Ah yes, that's clearly going in the right direction! The system detected the certificates, but now permission errors are popping up, like
85-take-config-ownership.sh: chown: /config/certs/vnc-privkey.pem: Permission denied
Can you share how you created the container (your docker run command, compose file, etc)?
@jlesage , sure!
This is the Docker Compose file.
You can reproduce the problem as follows
git clone -b bug/firefox [email protected]:KNowledgeOnWebScale/open-circularity-platform.git
cd open-circularity-platform/scripts/cert
./main.sh # generate certificates
cd ../../
docker compose --profile frontend up
During the startup, the container takes ownership of /config. This fails because the volume you mounted is read-only:
- ./scripts/cert/outputs/certificate-authority:/config/certs:ro
Changing to :rw results in permission denied errors:
architecture-browser-1 | [cont-init ] 85-take-config-ownership.sh: executing...

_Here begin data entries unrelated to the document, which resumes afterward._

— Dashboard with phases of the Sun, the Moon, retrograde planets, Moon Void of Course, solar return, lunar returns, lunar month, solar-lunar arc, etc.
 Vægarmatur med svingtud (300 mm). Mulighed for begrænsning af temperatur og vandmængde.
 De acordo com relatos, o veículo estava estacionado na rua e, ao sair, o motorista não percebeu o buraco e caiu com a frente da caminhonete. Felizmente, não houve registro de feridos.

architecture-browser-1 | [cont-init ] 85-take-config-ownership.sh: chown: /config/certs/vnc-privkey.pem: Permission denied
architecture-browser-1 | [cont-init ] 85-take-config-ownership.sh: chown: /config/certs/web-privkey.pem: Permission denied
architecture-browser-1 | [cont-init ] 85-take-config-ownership.sh: terminated with error 123.

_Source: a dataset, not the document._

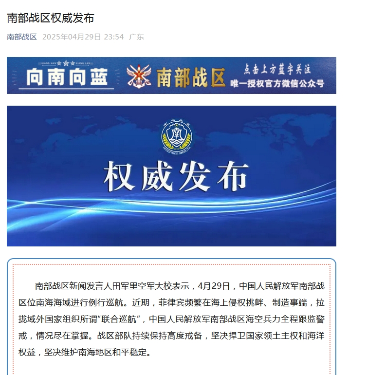 中新網(wǎng)4月30日電 據(jù)南部戰(zhàn)區(qū)微信公眾號(hào)消息,南部戰(zhàn)區(qū)新聞發(fā)言人田軍里空軍大校表示,4月29日,中國人民解放軍南部戰(zhàn)區(qū)位南海海域進(jìn)行例行巡航。近期,菲律賓頻繁在海上侵權(quán)挑釁、制造事端,拉攏域外國家組織所謂“聯(lián)合巡航”,中國人民解放軍南部戰(zhàn)區(qū)??毡θ谈O(jiān)警戒,情況盡在掌握。戰(zhàn)區(qū)部隊(duì)持續(xù)保持高度戒備,堅(jiān)決捍衛(wèi)國家領(lǐng)土主權(quán)和海洋權(quán)益,堅(jiān)決維護(hù)南海地區(qū)和平穩(wěn)定。

Details: https://github.com/KNowledgeOnWebScale/open-circularity-platform/commit/47d3cbaaca7bd940fefe78ee510018ca50a03b7c
On what file system ./scripts/cert/outputs/certificate-authority resides on the host ? Is it a network share ?
On what file system
./scripts/cert/outputs/certificate-authorityresides on the host ? Is it a network share ?
I'm running it locally (Macbook Pro (M1, Silicon; macOS-13.2.1-arm64-arm-64bit)), and the filesystem is APFS.
For some reason your system doesn't allow the container to execute chown to set the ownership of the file. This is done under the root user.